Выбрать главу

«…массовый, сверхорганизованный характер современной науки является ее бедой, больше того, проклятием. Научных работников так много и их продукция так велика, что нет надежды прочесть все написанное в одной узкой области. Поле зрения ученого суживается до пятачка, он должен из кожи лезть, чтобы не отстать от бесчисленных конкурентов. Замысел Бога, божественная красота истины, открывающаяся в науке, заменяются набором технических задачек. Наука превращается в гонку, миллионная толпа мчится, и никому не понятно, куда. Немногим еще эта гонка доставляет удовлетворение, они имеют какую-то перспективу, видят хоть на несколько шагов вперед, но для подавляющего большинства не остается ничего, кроме вида пяток бегущего впереди и сопения наступающего на пятки сзади.

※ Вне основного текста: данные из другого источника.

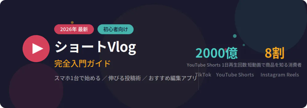 ショートVlogは、スマホ1台・特別な技術ゼロからでも始められる、2026年現在のSNS発信の中で最もハードルが低いコンテンツ形式の一つです。

Но даже если бы можно было перешагнуть через то, что наука сейчас <…> уродует занимающихся ею людей, все равно и по иным причинам она не сможет развиваться в прежнем направлении. Сейчас продукция науки удваивается каждые 10–15 лет, примерно так же растет число ученых, с близкой скоростью увеличиваются материальные затраты на науку. Этот процесс длится 200–250 лет, но сейчас уже видно, что долго такое развитие продолжаться не может <…> Неустранимые трудности возникнут <…> приблизительно в 1980-е годы. Значит, это направление развития обречено, вопрос только, сможет ли наука свернуть на другой путь, на котором открытие истины не требует ни миллионных армий ученых, ни миллиардных затрат, путь, по которому шли и Архимед, и Галилей, и Мендель. В этом сейчас основная проблема науки, вопрос ее жизни и смерти. Кто как белка уже завертелся в этом колесе, вряд ли поможет ее решить, надежда может быть как раз на тех, кто этой инерции не поддался».

Как замечательно сказано! Сколько в этих словах готовности к самопожертвованию, искренности, свободы от всего, кроме стремления к истине! И как прекрасно книга Шафаревича о социализме подтверждает правоту автора — в одиночку он написал вещь, превратившую в ненужную схоластику тысячи и тысячи книг организованной науки…

Но подумаем…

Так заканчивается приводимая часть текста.